Beginning with the line that holds "เสื้อชั้นในกันหนาวแบบรัดรูปสำหรับผู้ชาย แขนยาว สีดำ-น้ำเงิน", copy every remaining line of the listing below exactly, and leave the pictures out.

* [Data supplied]:
════════

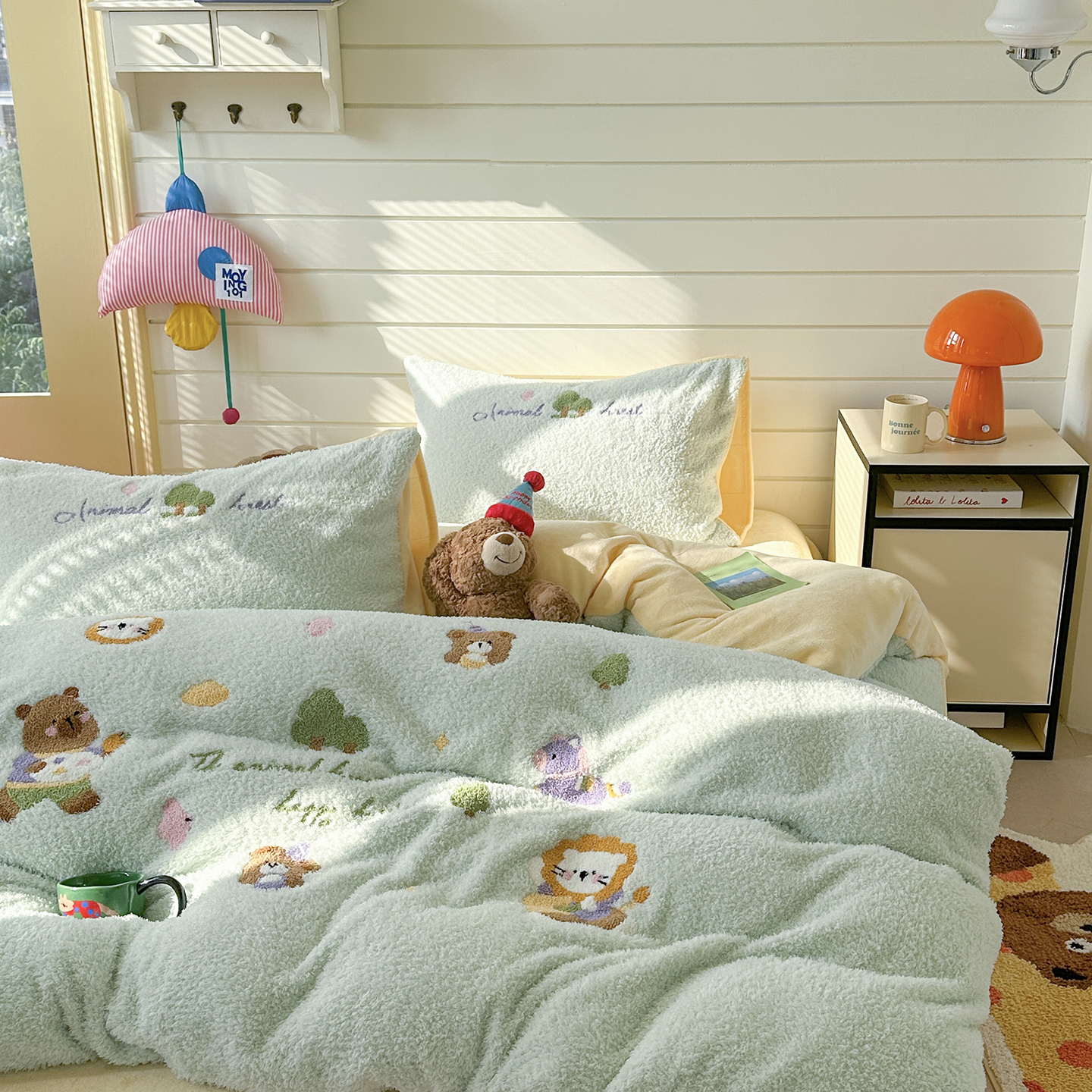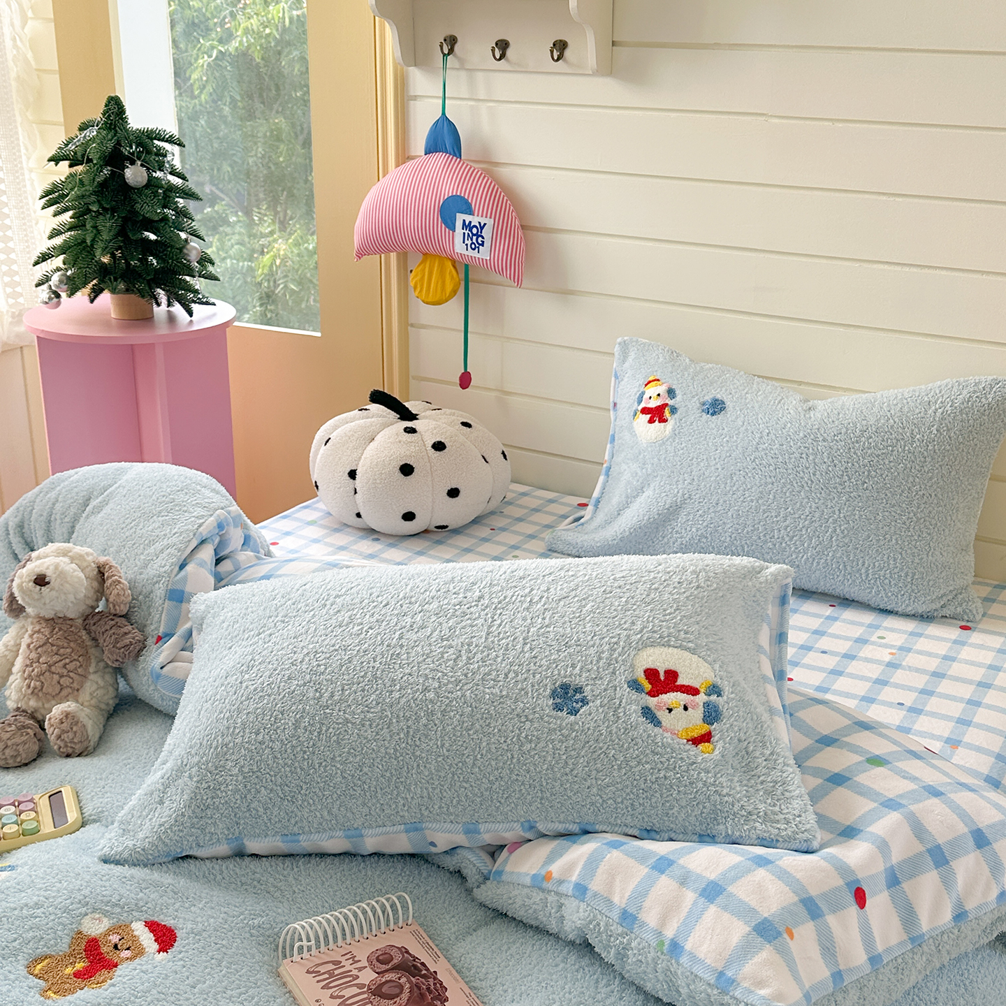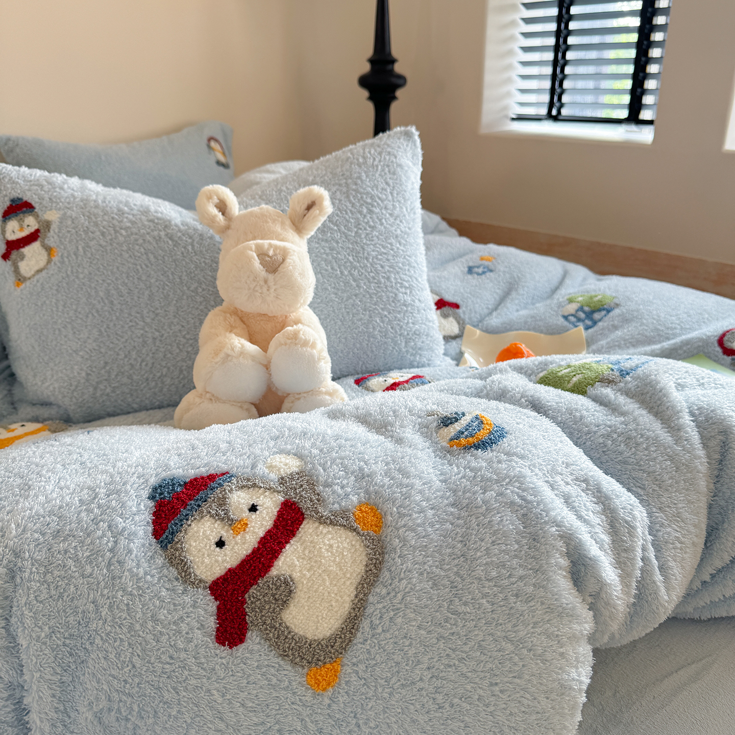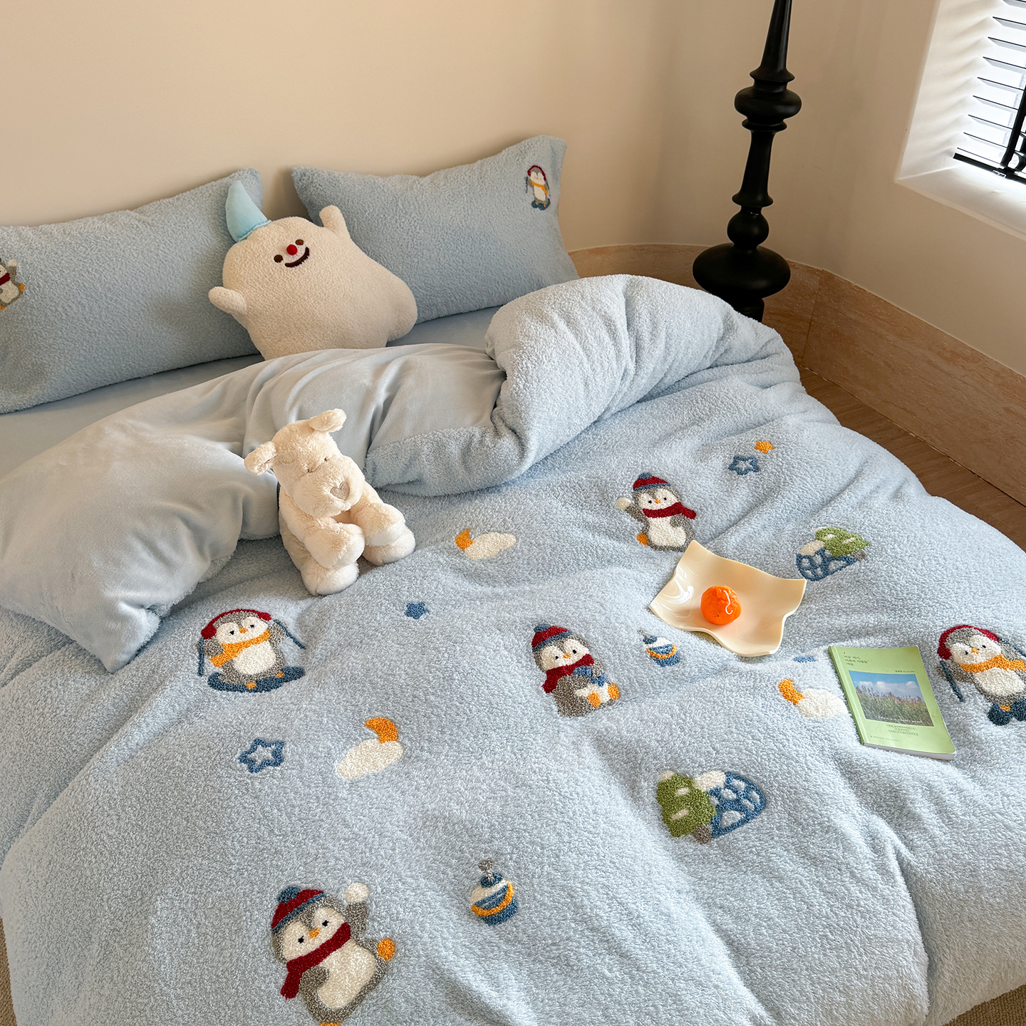 (总)柚子YOUTH 2025新款双面泰迪绒毛巾绣四件套,甜甜圈,快乐企鹅,森林聚会,甜酷KT,小茄子,雪人王国
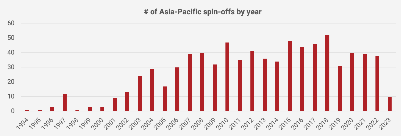 - Spin-offs are rare in the Asia-Pacific, but there are a few dozen per year in Australia and Asian developed markets such as South Korea, Hong Kong and Singapore. Since early 2021, there have been 40 spin-offs leading to two separately listed entities.
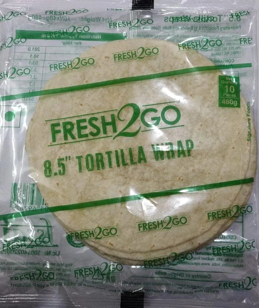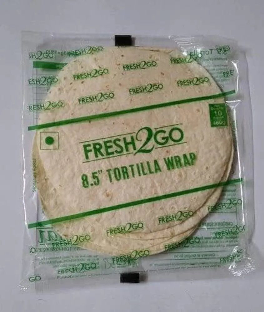 Fresh 2 Go” produces various ready-to-cook tortilla wraps, including plain and whole wheat options in different sizes. They are designed for convenience and can be prepared quickly by heating on a griddle or in a microwave.
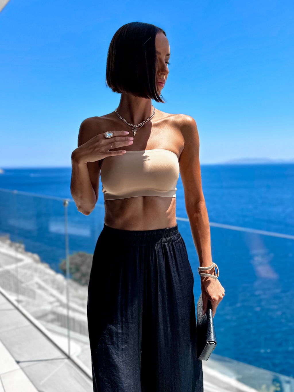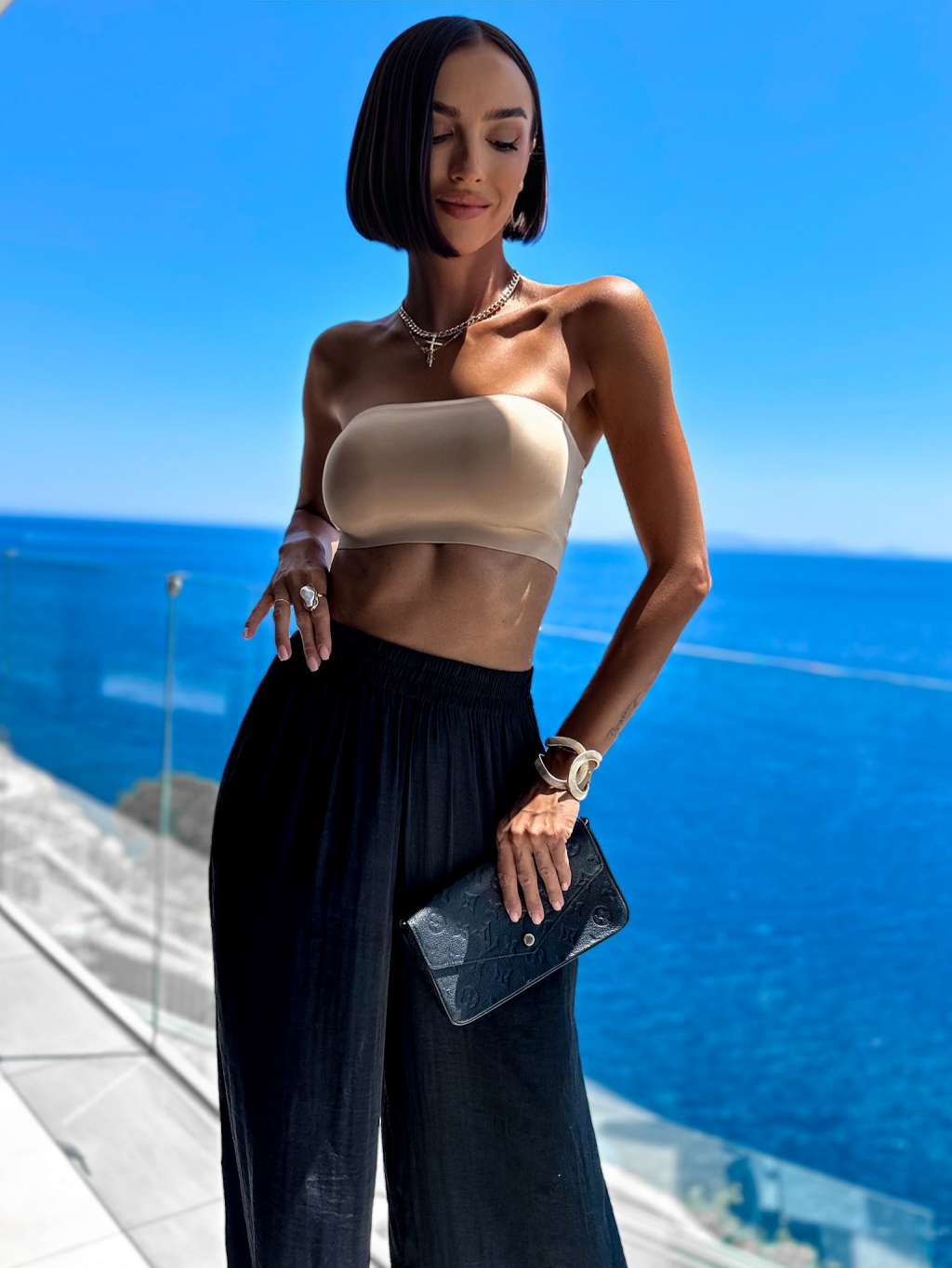 Béžový zpevňující crop top TESEO
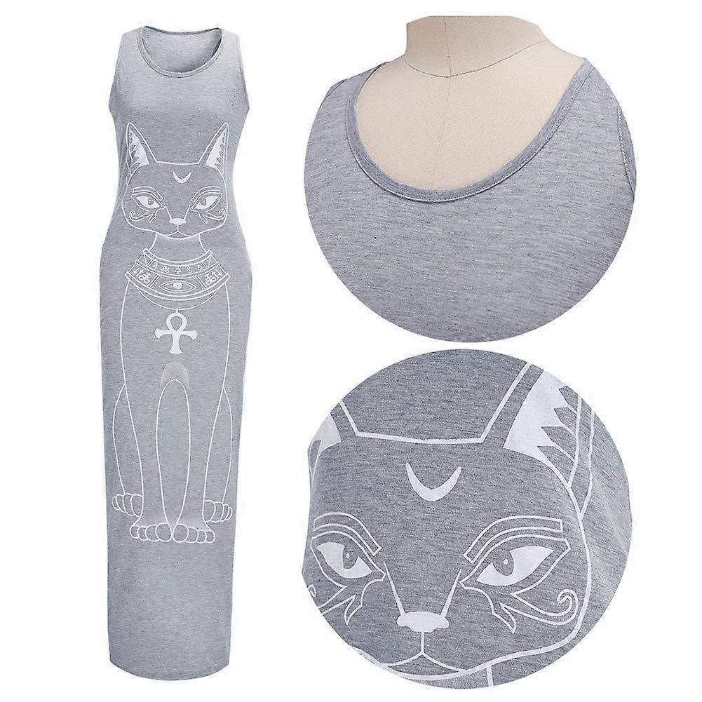 Summer New Little Cat Print Women's Sleeveless Long Casual Dress
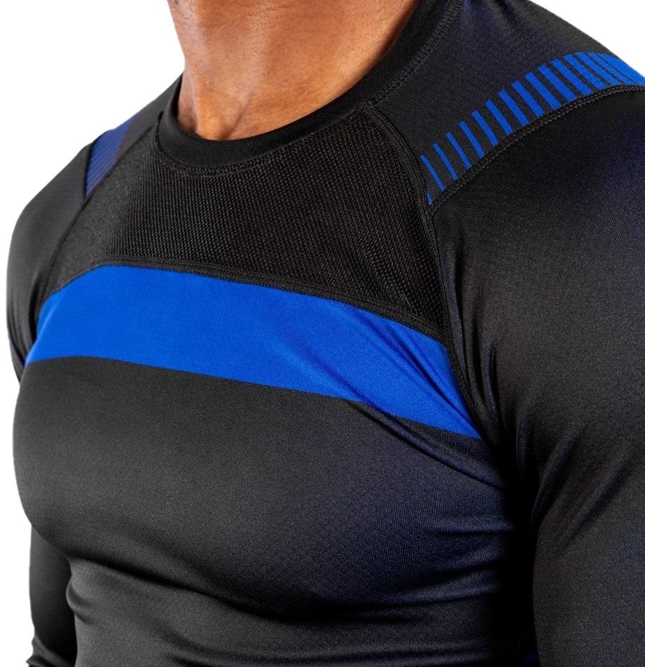 เสื้อชั้นในกันหนาวแบบรัดรูปสำหรับผู้ชาย แขนยาว สีดำ-น้ำเงิน ป้องกันการกระแทก สำหรับกีฬา MMA
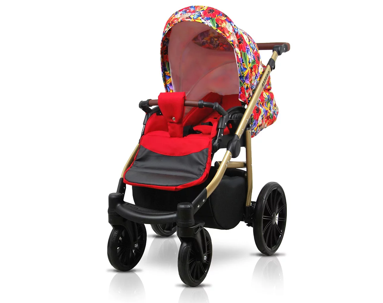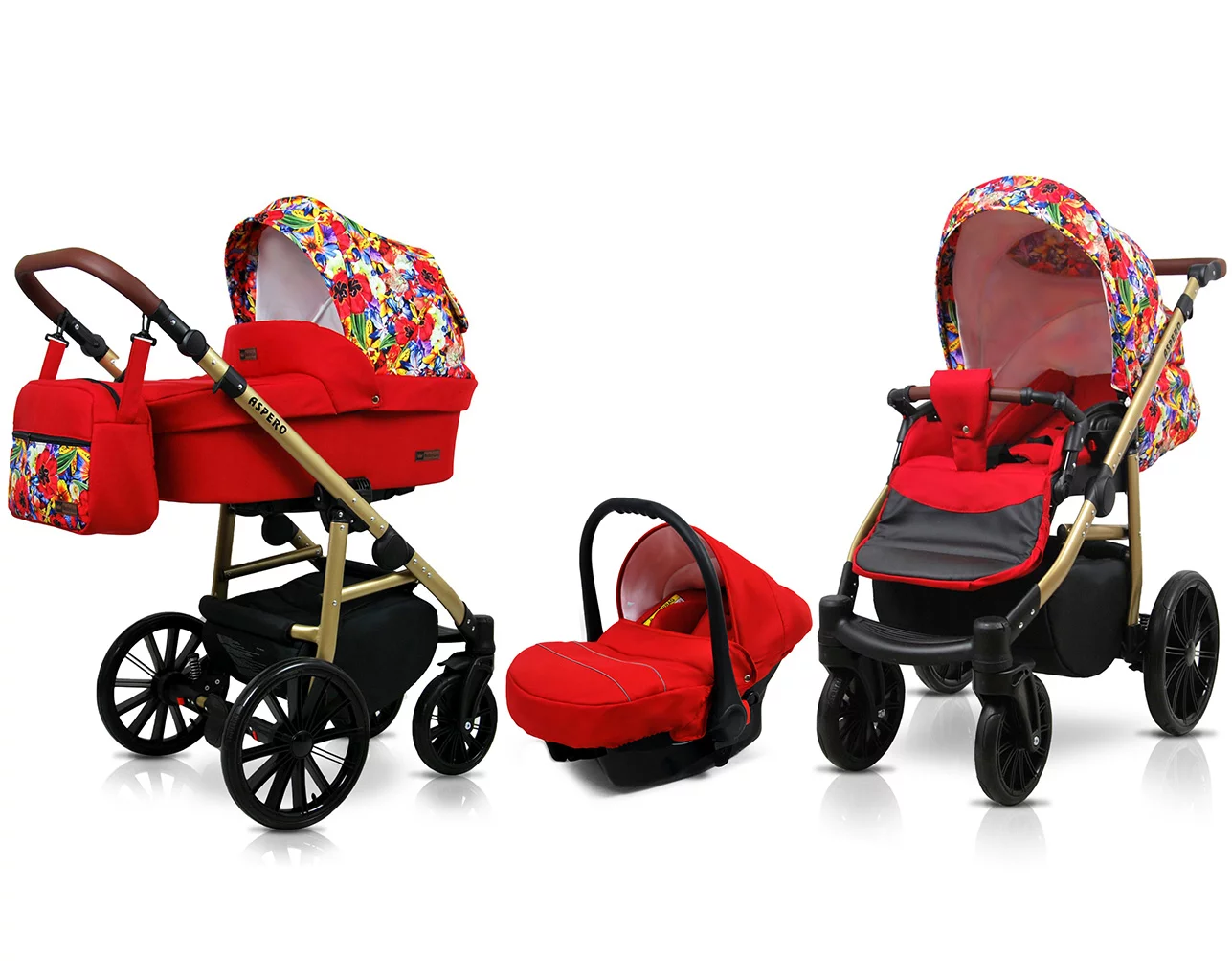 3 in 1 Luxury Stroller and Car Seat – Aspero Pram Pushchair and Car seat by Babylux- In Red Tulips

════════

* [Exercise response]:
 เสื้อชั้นในกันหนาวแบบรัดรูปสำหรับผู้ชาย แขนยาว สีดำ-น้ำเงิน ป้องกันการกระแทก สำหรับกีฬา MMA
 3 in 1 Luxury Stroller and Car Seat – Aspero Pram Pushchair and Car seat by Babylux- In Red Tulips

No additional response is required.